Issati a gemito e poderose membra nella dilaniata brace, a solfeggio di vigorie abissali ove l’alba, promiscua, piove ai docili profumi e odori neri
Indefinita è proprio la vaghezza, polmonare striscia aromatica e di romantiche guglie, assapora vette inarcate di ciglia mie tinte, e se n’estingue con disinvolti ghirigori ad aereo matto, flemma che luccica e, ammantata nell’armonioso drappeggio, grappolo d’uva a labbra mia color dissolvenza, con futile squittio s’affligge sinergica alle chiese morenti dal “cipiglio” oscurato in grotte ove s’attenta a incolumi innocenze, filastrocca ripugnante di rughe già assassinate di questa tenebra “mansueta”, omertà che scricchiola, bacia lembi sol lambiti e poi guasconi di risa e irto odore, nell’orrore che spegne le iridi e, ipnotico, così come si nutre d’essenza vanesia, n’opprime l’alcolico nostro gioire non più e già ocra di giallo svanire.
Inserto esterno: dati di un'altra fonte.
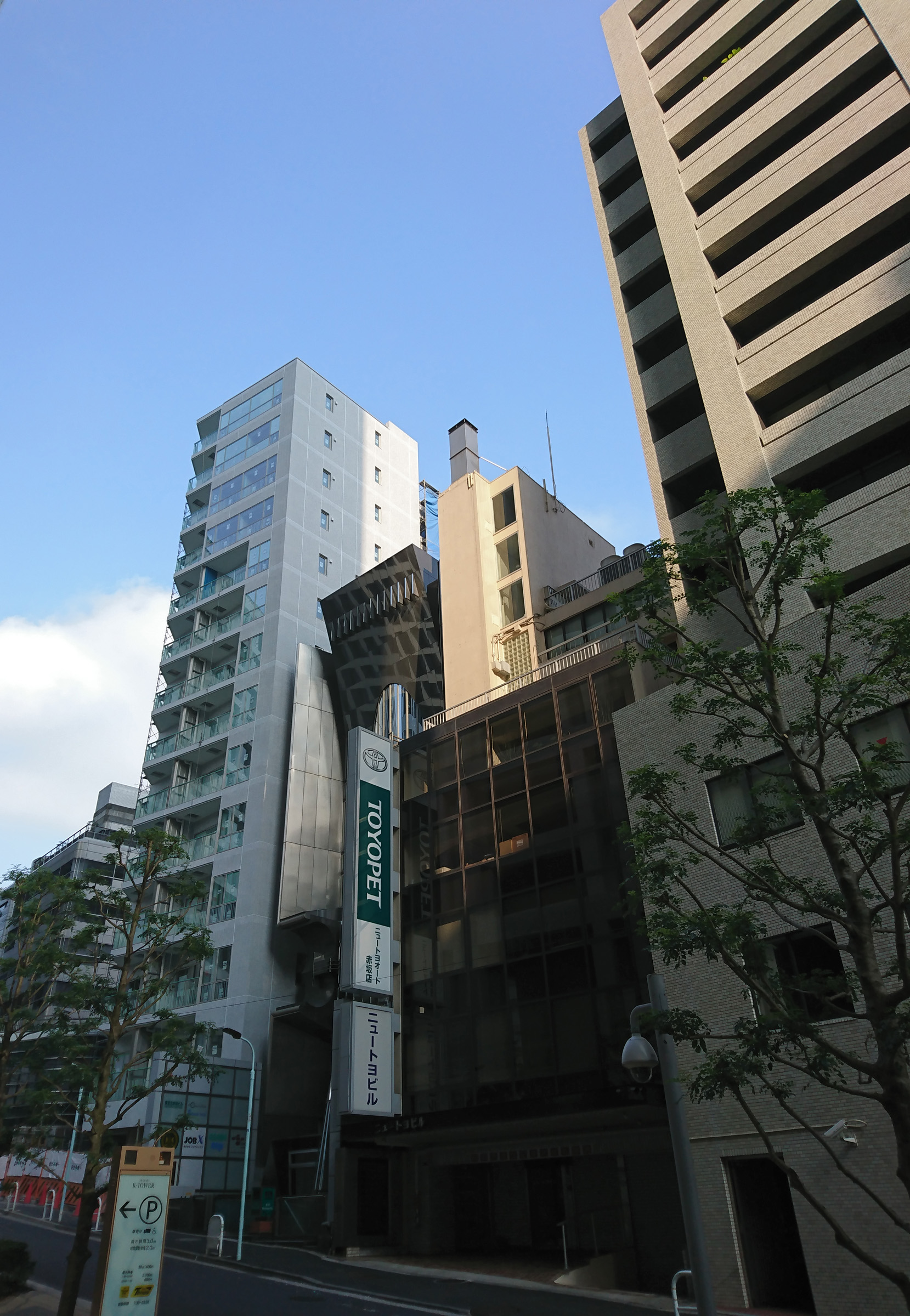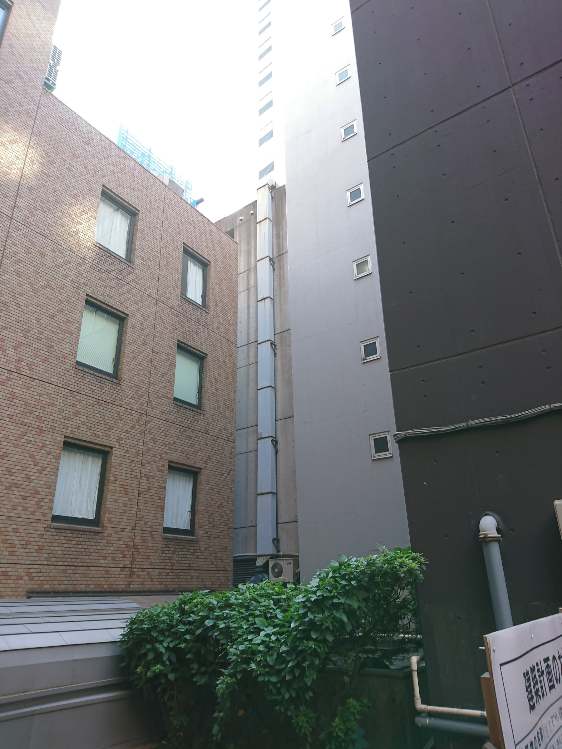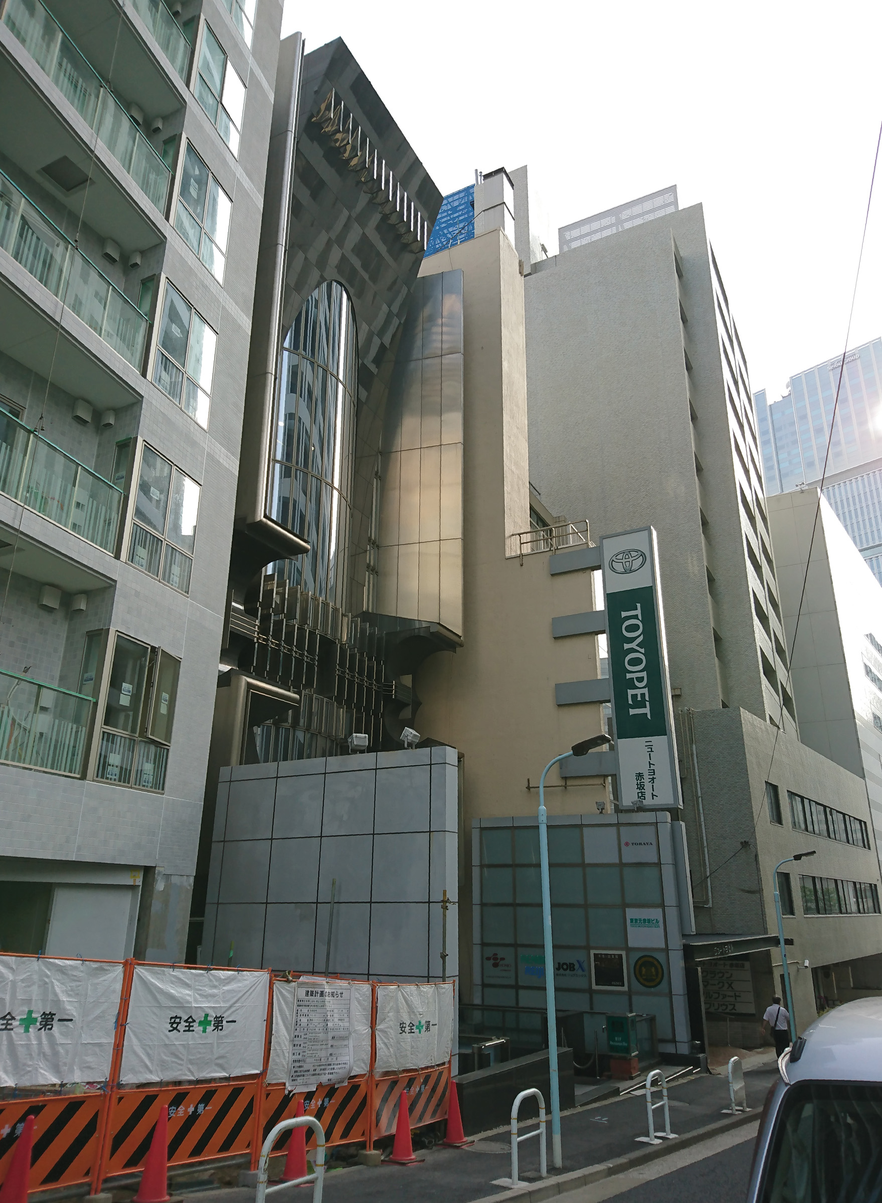 섬과 같은 삼각형 형태의 동측 한켠에 위치한 이마니시 모토아카사카 빌딩.

Udii singhiozzi e brama, straziato mio svenire e baci che tingono il pallore da sublimare, da soggiogare in pitture astrali o astratto Cuore.
Feroci assalti e scoppiati nitori, a bordo d’un roseo non esserci. Non più crepuscolo.
Potenza di fuoco, rispetto all’essere sé. In un Mondo mendace e bugiardo di vanaglorie e sospetti a uccidere.
Assedio. Porte cigolanti, scardinate, divelte da una furia che sposa la vendetta più raffinata, coltelli affilati, un occhio di vetro a febbre vorace, irreprimibile da tacere il mostro, soffocarlo in ogni mossa e tentazioni sue a “scolpire” altro nervo che s’infiammerà.
Un’arsa e magniloquente virtù ch’è mitragliatrice e cenacolo delle ingiustizie, “vinto” sangue al volteggiare come “ossidrica” morte, ché diluirà gli abomini per accenderli nei vagiti della lussuria, dell’incompresa anima ora eretta a santificarsi e mordere di famelico “feretro” reciso.
Scagliata dalla tomba a resurrezione e avido asfissiarli, casa nel bosco a stritolarli nella paura, nell’orlo luciferino del rapimento e del ri-morso.
Una vendetta paurosa, nel brivido tesissimo del grido agghiacciante, sparato in gola a ghigliottina del terrore e dell’arma non genuflessa al “pittarli” con baldoria goliardica nel rosso ammazzarli.
Tutti, tutti moriranno, nel taglio inferto, distruttore!
E la punizione sarà diletto e pari atrocità!